Showcasing an official FIA sample retained from the car of driver Charles Leclerc during the Austrian Grand Prix, Stinton says: “We are confident that as soon as we get samples like this, we are perfectly legal.”
As part of regulations introduced for the 2018 season, each driver in Formula One (F1) can use three engines a season before penalties are applied, compared to four in previous seasons. This change means that protection of the engine is important to ensure each SF90 power unit can go around 40 per cent further than before.
Inside an F1 engine, race lubricants are under huge pressure and must withstand peak temperatures in excess of 1,000oC. To adapt to this feature in the cars, Shell designed Shell Helix Ultra 0W low-viscosity oil to withstand the toughest environments when on the track, while delivering maximum performance and efficiency. The oil also ensures that the turbocharger is protected whilst minimising friction in other parts of the engine.
Thus, as well as helping the team’s engines run harder for longer, they also assist in monitoring the engine's health. Led by Shell Motorsport Technology manager Guy Lovett, Stinton and his colleague Paul Johnson have been accompanying the F1 Scuderia Ferrari team this season doing exactly that.
“In this lab, at any given time, there are two trackside analysts and one team lead and as Paul and I are both fully trained in both areas, we can work on either side of the lab,” Stinton says. “Whenever there are busy periods we swap chairs, so either one of us would look after the fuel and the other with lubricant analysis.”

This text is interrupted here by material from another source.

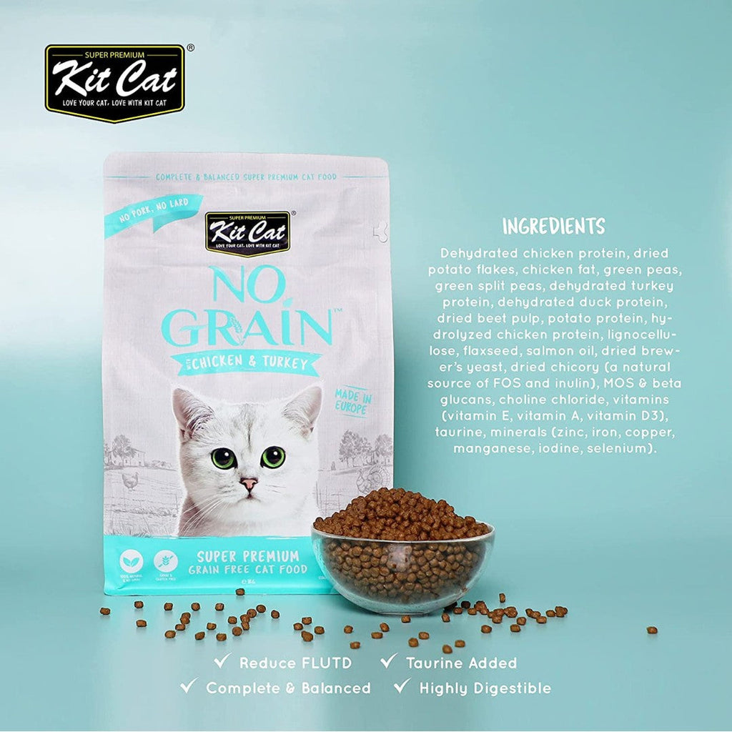Kit Cat No Grain™ Chicken & Turkey Cat Food provides your cats with the nutrition they need while promoting gut and coat health. Easily digestible and highly nutritious, this recipe is packed with Omega 3 & 6 for shiny and lustrous and coats, as well as essential vitamins and nutrients for a balanced diet. Enjoy peace of mind knowing your cats are receiving the best quality food for their unique needs.

According to Shell, this viscosity oil incorporates a gas-to-liquid process that converts natural gas into a crystal-clear base oil with virtually none of the impurities found in crude oil.
Base oil is one of the main foundations of the low-viscosity engine oils required by today’s most advanced engines. Such oils can help the engines deliver long-lasting performance under extreme temperatures and pressures.
“With any sort of operation in Formula One, it’s very strict in terms of standard operating procedures,” Stinton says. “No matter where we are in the world, we have strict sample routines to follow.”
“As always, things can develop out on the track and potential problems within the system [in this case, the engine] may be picked up by the engineers,” he adds. “We’re here to ensure that these issues are dealt with accordingly and spotted early, while following these standard operating procedures.”
Stinton recalls the 2017 Monaco Grand Prix, where the Shell team were able to flag an anomaly in the oil analysis. This collaborative effort between the Shell team and Scuderia Ferrari’s engineers resulted in driver Sebastian Vettel winning the race.
“All the sort of quality control, even down to condition reports of Shell products, are all developed from this laboratory and we feed all that information back to the engineers,” Stinton says.
He adds that during the Monaco Grand Prix podium celebrations for Vettel, “we got a pat on the back from the rest of the team for basically helping us secure the race win”.
“It’s so rewarding to know that we’ve added value to the team,” Stinton enthuses. “We’re part of the Ferrari family.”